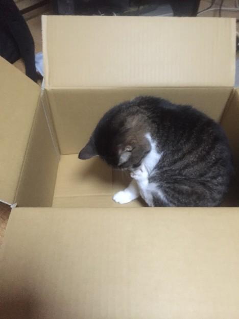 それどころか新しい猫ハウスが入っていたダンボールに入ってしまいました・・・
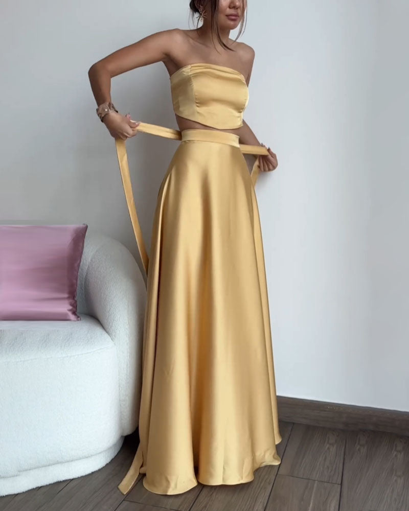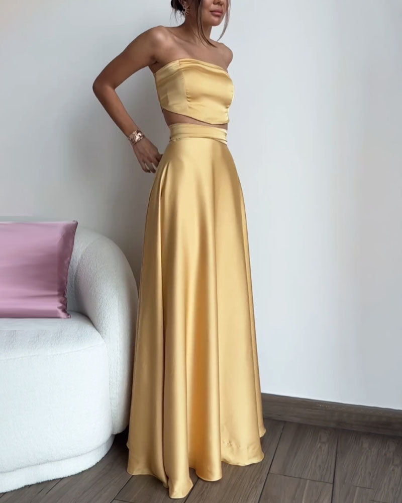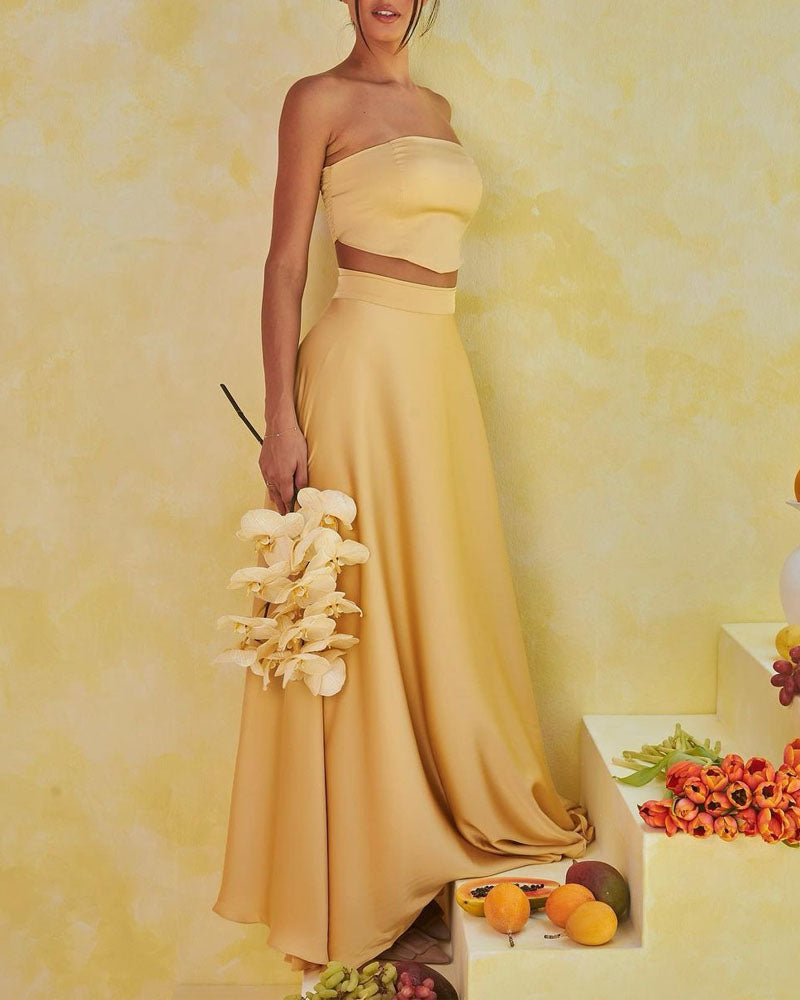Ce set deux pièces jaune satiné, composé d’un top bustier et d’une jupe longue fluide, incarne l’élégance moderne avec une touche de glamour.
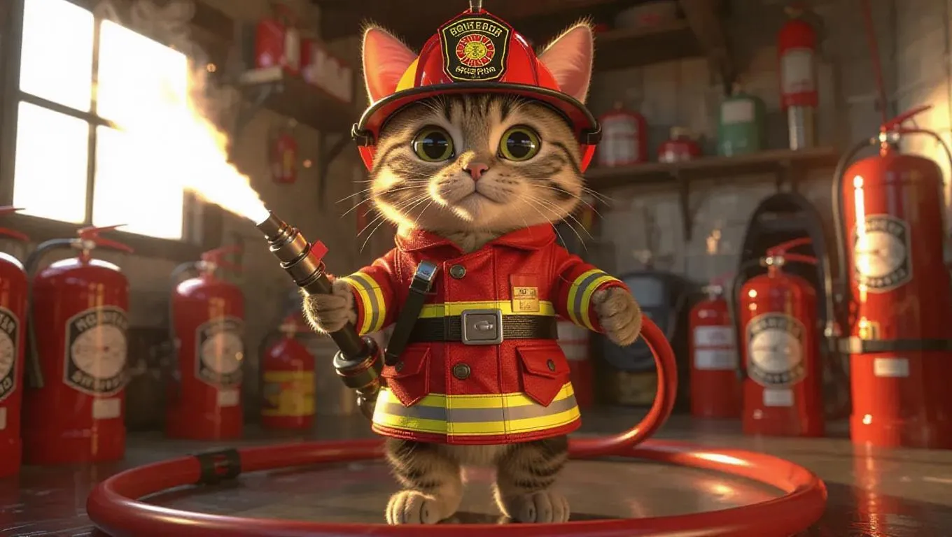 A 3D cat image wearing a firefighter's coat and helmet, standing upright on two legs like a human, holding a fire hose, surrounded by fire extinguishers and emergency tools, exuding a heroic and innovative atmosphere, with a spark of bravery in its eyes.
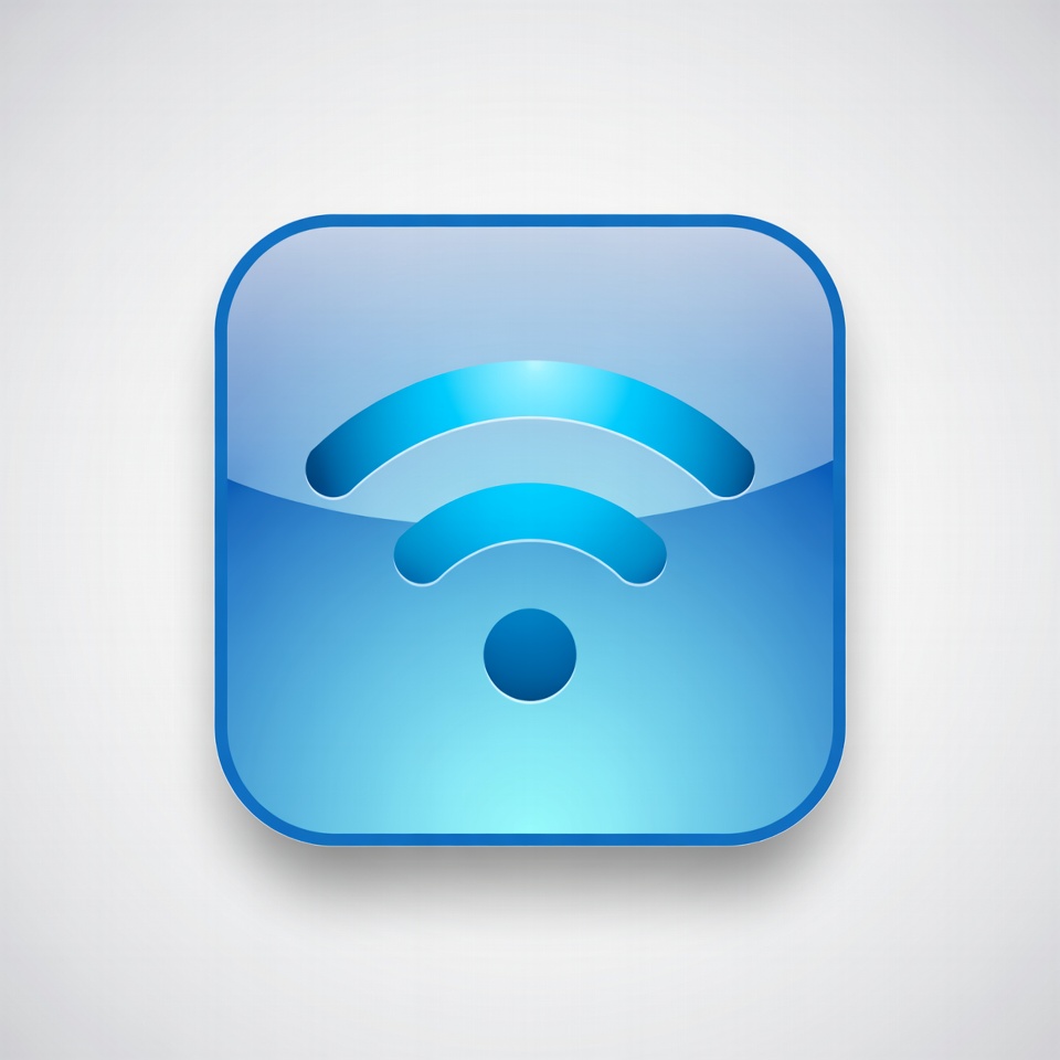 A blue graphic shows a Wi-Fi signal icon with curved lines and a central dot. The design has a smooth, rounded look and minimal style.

**WORK TO BE COMPLETED**: The whole listing above must be set down again exactly, but without its images.

**REPLY**:
 それどころか新しい猫ハウスが入っていたダンボールに入ってしまいました・・・
Ce set deux pièces jaune satiné, composé d’un top bustier et d’une jupe longue fluide, incarne l’élégance moderne avec une touche de glamour.
 A 3D cat image wearing a firefighter's coat and helmet, standing upright on two legs like a human, holding a fire hose, surrounded by fire extinguishers and emergency tools, exuding a heroic and innovative atmosphere, with a spark of bravery in its eyes.
 A blue graphic shows a Wi-Fi signal icon with curved lines and a central dot. The design has a smooth, rounded look and minimal style.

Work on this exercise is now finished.